[Records from a data source]
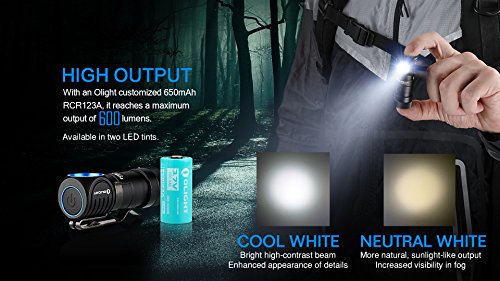 USB RECHARGEABLE - Includes a customized 650mAh rechargeable RCR123A battery as well as an Olight USB magnetic charging cable for fast, convenient power
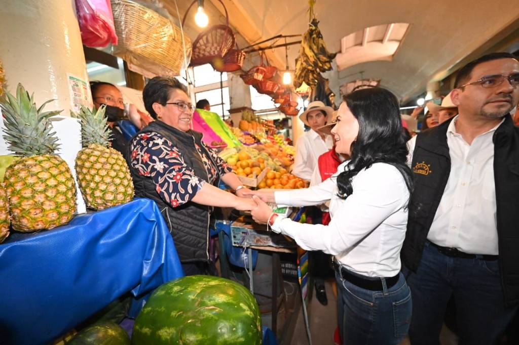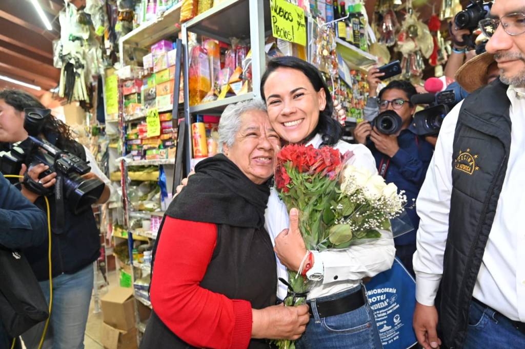Visiblemente emocionada, la candidata a la gubernatura por el Estado de México salió rumbo al mercado Francisco I. Madero, donde caminó entre los puestos de verdura, carnicerías y venta de productos esotéricos, donde los locatarios le pidieron selfies y compartió sonrisa con quienes se cruzaban en su andar.
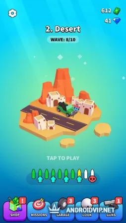 На каждом уровне за вами будут гнаться десятки противников на мотоциклах, квадроциклах, огромных внедорожниках и даже на вертолётах. Вооружитесь пистолетом, автоматом, пулемётом, базукой, заберитесь на кузов вашего пикапа и начните уничтожать их, стараясь целиться в колёса, водителей, чтобы быстрее избавиться от них. По мере прохождения, открывайте новые виды вооружения и прокачивайте ваш автомобиль, устанавливая новые бампера, защитные решётки, фары и другие модули.
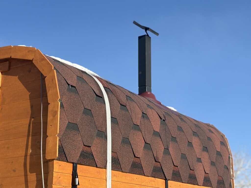 サウナ本体はスクエアタイプのバレルサウナ。普通のバレルサウナよりもスペースにゆとりがあり、3-4人ほど収容OK。見た目に温かみのある木製で、心地よくリラックスできる空間にしています、
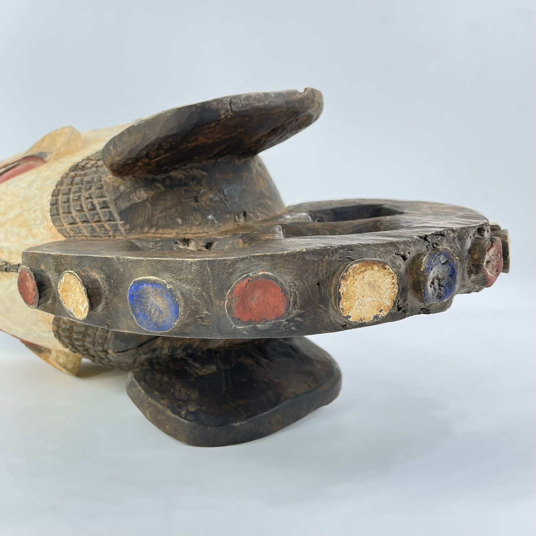 These masks play a significant role in Okkperegede dances, honoring the female ancestors or the "Queen of Women." They are also showcased in various ceremonies and social gatherings, including the beginning of the dry season and elaborate funeral ceremonies. During dances, the masks, whether singular or in pairs, portray women engaged in everyday activities such as farming or going to market. Accompanying costumes are vibrant, adorned with colorful cloth appliqués and intricate designs.
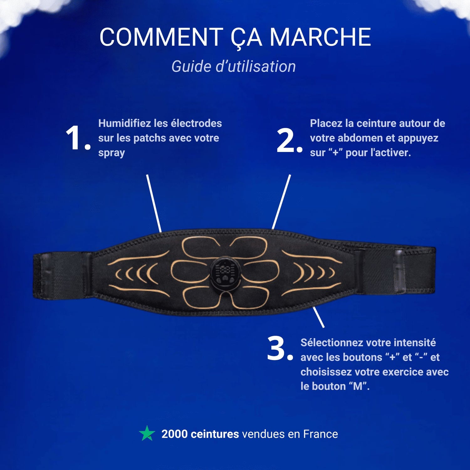 Utilisez la ceinture 20 à 30 minutes par jour, 5 fois par semaine, pour obtenir de meilleurs résultats. La ceinture Le Sport Français, fabriquée conformément aux normes médicales, utilise la technologie d'électrostimulation musculaire pour imiter un entraînement régulier afin de renforcer, raffermir et tonifier vos muscles. La ceinture abdominale renforce les 4 muscles abdominaux : le transverse (le muscle le plus profond et le plus difficile à travailler), le grand droit (il est en superficie, ce sont les fameuses tablettes de chocolat) et les muscles obliques internes et externes.

● **PROBLEM**
The stretch to restate runs from the line above containing "На каждом уровне" through the line containing "These masks play". Copy it word for word, ends included, without pictures.

● **EXERCISE OUTPUT**
 На каждом уровне за вами будут гнаться десятки противников на мотоциклах, квадроциклах, огромных внедорожниках и даже на вертолётах. Вооружитесь пистолетом, автоматом, пулемётом, базукой, заберитесь на кузов вашего пикапа и начните уничтожать их, стараясь целиться в колёса, водителей, чтобы быстрее избавиться от них. По мере прохождения, открывайте новые виды вооружения и прокачивайте ваш автомобиль, устанавливая новые бампера, защитные решётки, фары и другие модули.
 サウナ本体はスクエアタイプのバレルサウナ。普通のバレルサウナよりもスペースにゆとりがあり、3-4人ほど収容OK。見た目に温かみのある木製で、心地よくリラックスできる空間にしています、
 These masks play a significant role in Okkperegede dances, honoring the female ancestors or the "Queen of Women." They are also showcased in various ceremonies and social gatherings, including the beginning of the dry season and elaborate funeral ceremonies. During dances, the masks, whether singular or in pairs, portray women engaged in everyday activities such as farming or going to market. Accompanying costumes are vibrant, adorned with colorful cloth appliqués and intricate designs.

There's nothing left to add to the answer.